Bibb County Sheriff David Davis said he expects pay raises to be the biggest issue in the 2021 budget.

For the upcoming fiscal year, however, the new Macon-Bibb County budget approved Tuesday does not include a bump in employee salaries despite last-minute efforts to do so. Several officials said that they didn’t feel the public could stomach another property tax increase to cover about $2 million in pay raises.

The $164.5 million budget for fiscal 2020 does not include a millage rate tax hike. The millage rate was increased a total of 6 mills the previous two years.

Davis has been outspoken about how pay disparities are causing him to have trouble retaining employees. His office posted a Facebook video June 4 that shows Davis ripping up a letter he sent to the mayor and commissioners asking for a 4% employee raise. He said they ignored the letter and asked for the public’s help.

There were pay increases for the Sheriff’s Office and for firefighters and their supervisors in 2018.

There was a 1.5% cost of living adjustment in fiscal 2017 for all county employees.

“Obviously I’m disappointed, but I’m not very surprised given the situation that the county budget is in,” Davis said following Tuesday’s budget vote. “We have advocated the notion that we need raises for the deputies as well as all the county employees.

The sixth vote needed to pass the budget came when Commissioner Scotty Shepherd called into the meeting remotely. Commissioners Valerie Wynn and Joe Allen opposed the budget. Commissioners Larry Schlesinger, Al Tillman, Bert Bivins, Elaine Lucas and Virgil Watkins approved it.

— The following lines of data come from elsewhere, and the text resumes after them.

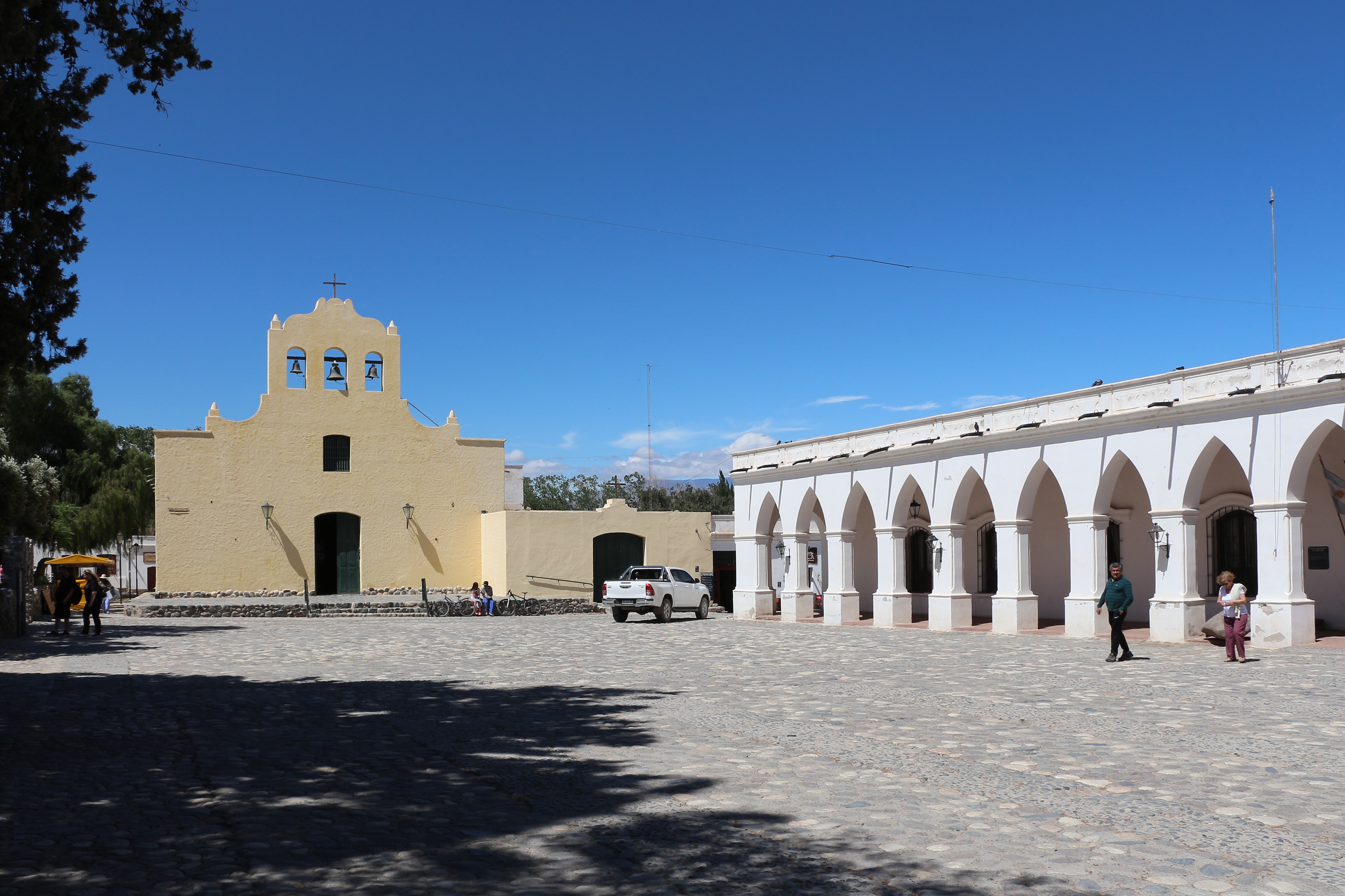 Church San José de Cachi and Archaeological Museum Pío Pablo Díaz, Cachi, Argentina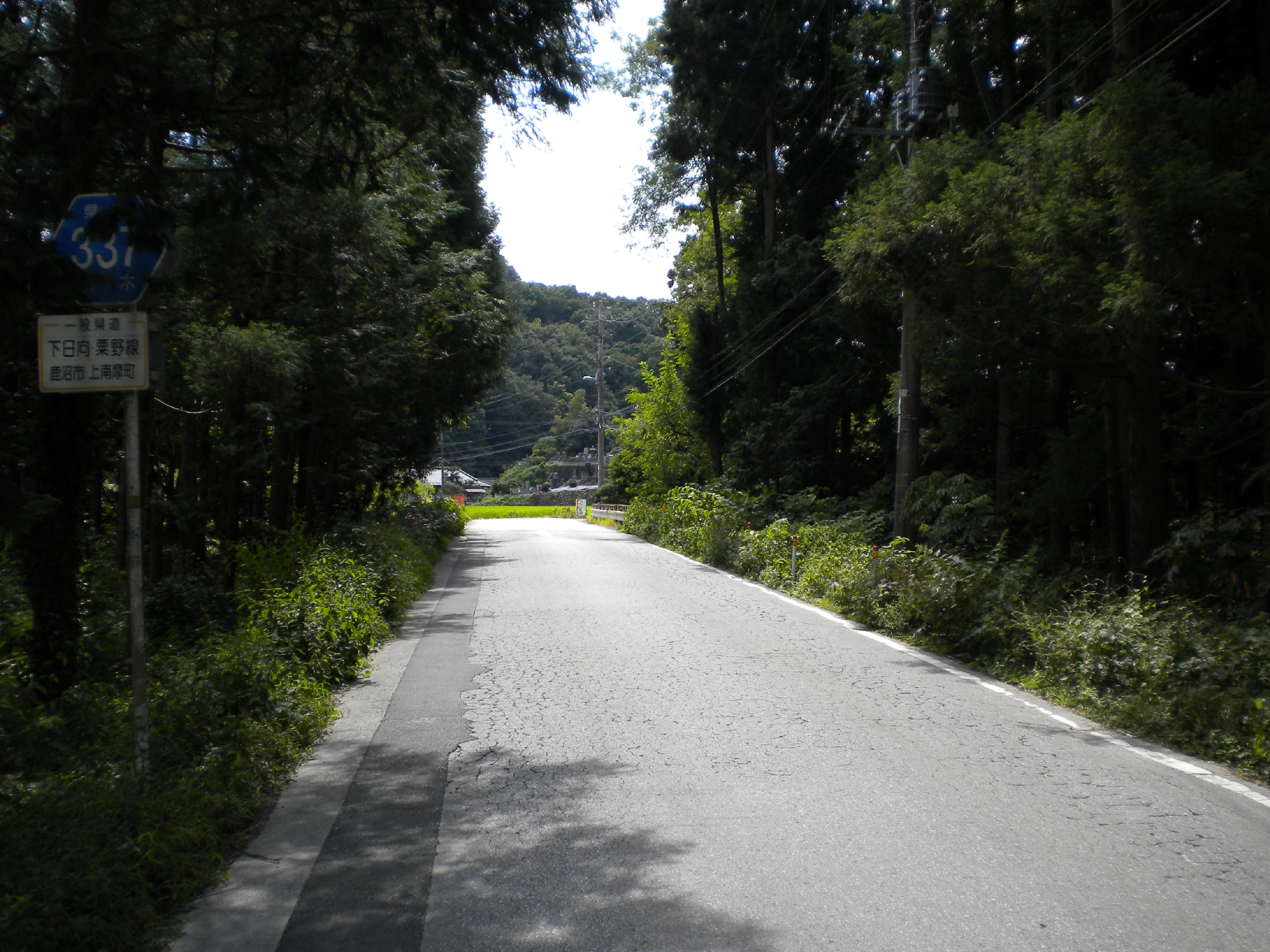 The Tochigi Prefectural Road Route 337 in Kaminanmamachi, Kanuma City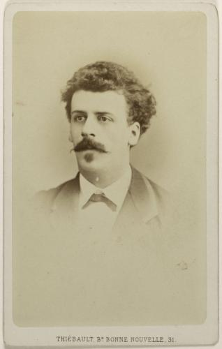 cabinet card photograph of Edmond Bazire (Journalist and writer)

Watkins’ amendment called for a 2% raise for all employees, while Jones wanted to use the extra money for only public safety employees. They proposed a half-mill increase to pay for the raises.

Schlesinger said another tax increase would lead to a “revolt” by residents. Mayor Robert Reichert also questioned the public’s appetite for a higher millage rate.

“Nobody wants more to have additional revenue to provide adequate and fair compensation to all of our employees, but trying to balance that against another tax increase, I think is the fly in the ointment,” he said.

The county government is expected to undergo a pay-scale study, which should lead to more competitive salaries, some officials said.

Allen and Tillman also said they’d like to explore if it’s feasible to give a bonus to employees at the end of 2019.

“Hopefully with this new money with the hotel-motel tax (1% increase), we can take less money out of our general fund,” Tillman said. “Let’s hope by December, right before Christmas, that we can give all our employees a bonus.”

Overall, there is about $9.2 million in the budget for the outside and partner agencies, compared to slightly under $9 million in the current year.

For the first time in five years, the county is expected to have a surplus at the end of the fiscal year on June 30.

The final vote on the millage rate, which is currently 20.652 mills, will be held in August.